Even nobler, someone whom with no hesitation gave away that of what drives her to dream—writing
stories, for her sister. (Me comparing myself to her is borderline offensive to Alcott, the book’s writer.)

Then again, her existence is bound literally by a book cover. I don’t see her, I don’t encounter her in my
daily endeavors, I don’t speak to her, therefore she cannot possibly affect me as much as those I
experience these sensations with can.

A person, real, whom I draw inspiration from is our driver, my tatang. I have called him that as long as I
can remember, even before I knew his name. Always in the periphery when the family and I reach a new
destination, he sits there waiting, talking to locals. He watched us grow up. He drove me to school every
so often. He bought me the little pizzas at that local chain. He picked me up and paid my debts at the
canteen. He watched me wait for my first crush in high school. He has always seen the ugly fights
between us the family. Somehow, he knew when to keep quiet. He put up with a lot of things, now I
realize.

He always said he owed a big deal out from my father. Over my dad’s lifetime he has always been there
too—driving, navigating, asking passers-by for directions. Keen eyes and a steady voice except for when
laughing at a story he already said before. All my life my source of stories of my dad was those from
Tatang—he was probably very dear to his heart. Like a brother, he knew the tiniest details, even the
creamer on his coffee. Once inside the car, the radio static distorting the sound of a song, he hummed
because apparently my father used to love that song.

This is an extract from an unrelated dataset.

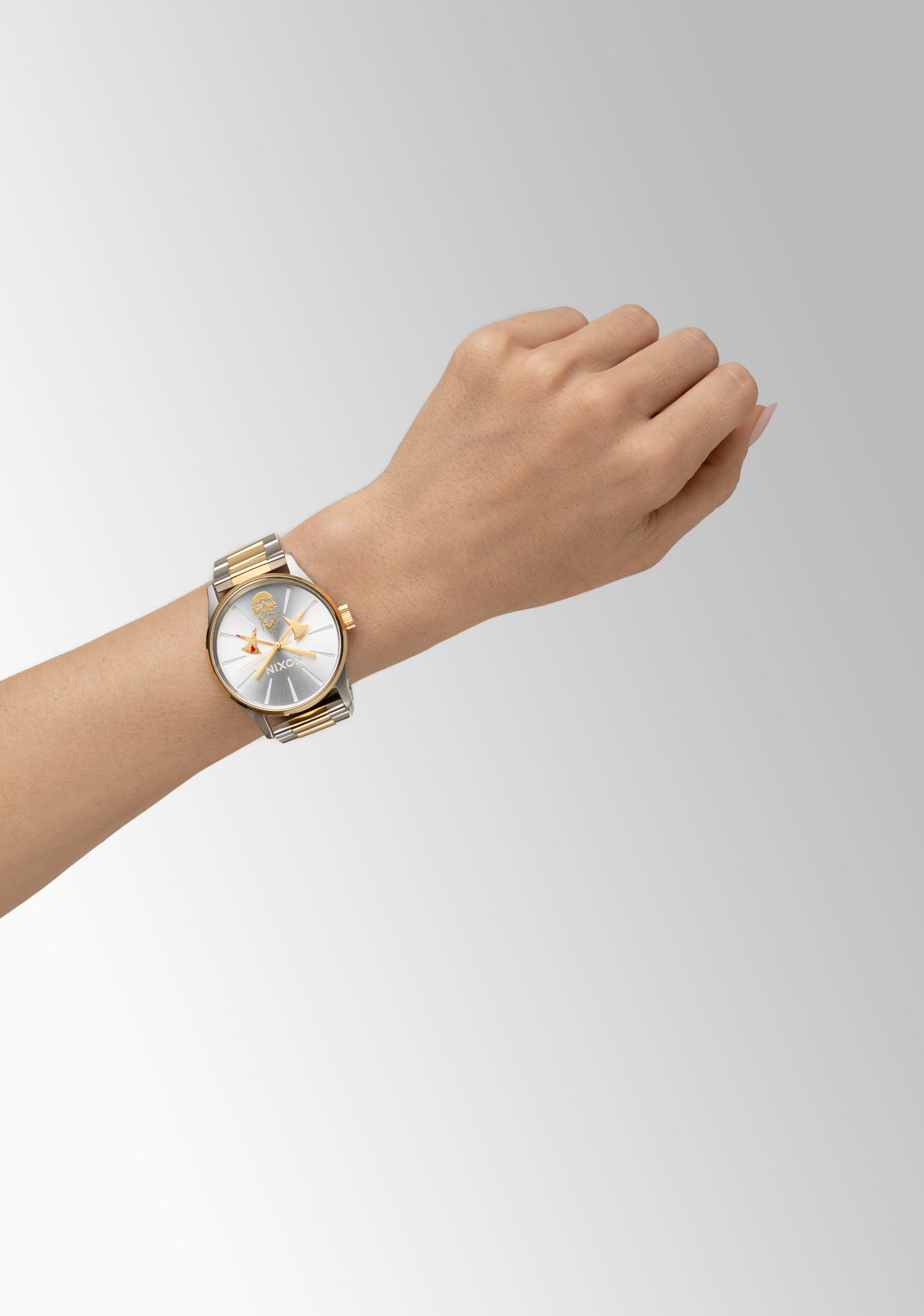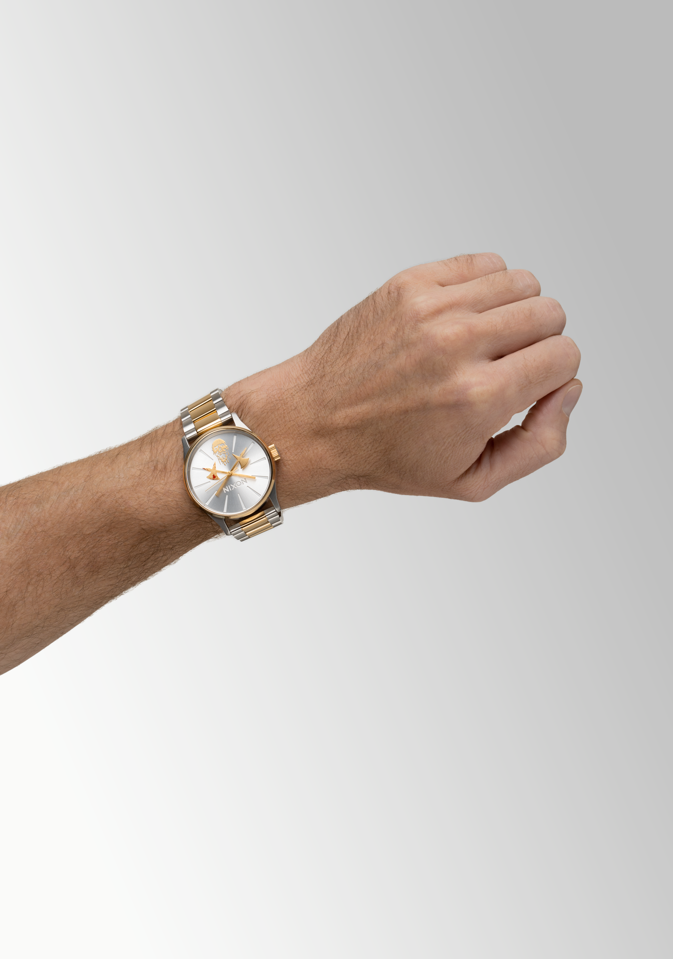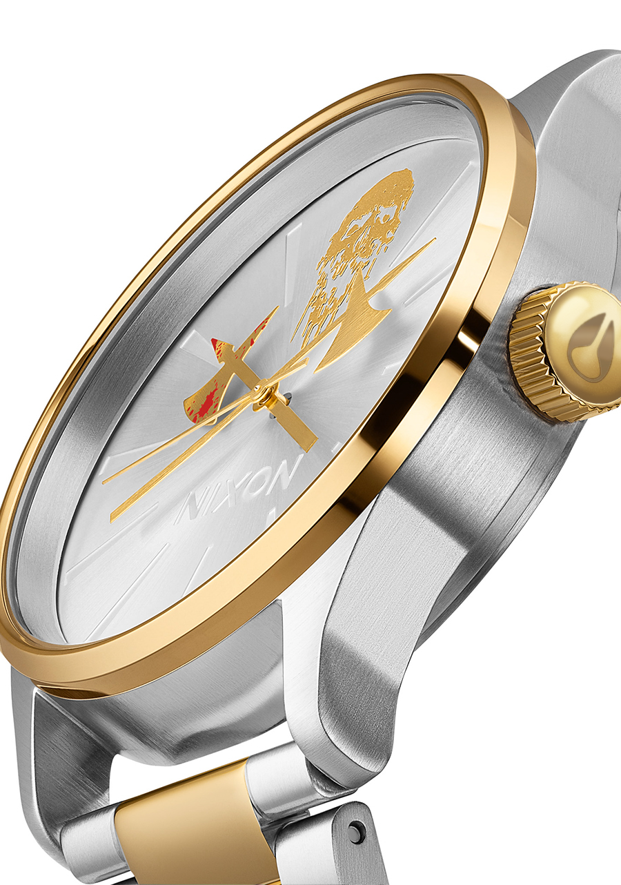 La esfera presenta índices grabados, una calavera dorada impresa y pulida, y manecillas moldeadas a medida con detalles de sangre goteante.

I want to be able to retell the grandest of occasions, that as well as the Lilliputian details on a person’s
manner of speech. I want to allow others to live through dimensions of language and imagination.
Vicariousness is life for those who are too weak to proceed. Narratives that long to linger are for those
who cannot walk further to experience them themselves.

These two people inspire me to do just that. Jo’s stories to Beth, Tatang’s stories to me. The only way we
pass on traditions and beliefs and essentially become ourselves are through these stories. Whether
fictional or not.

Moreover, I want to love what I do. In all its gore and glory, the roads that are too rocky, the systemic
patriarchy and finding flowers in the journey, seeing people come alive every day. I want to live to tell
the tale at the same time be in it—the story.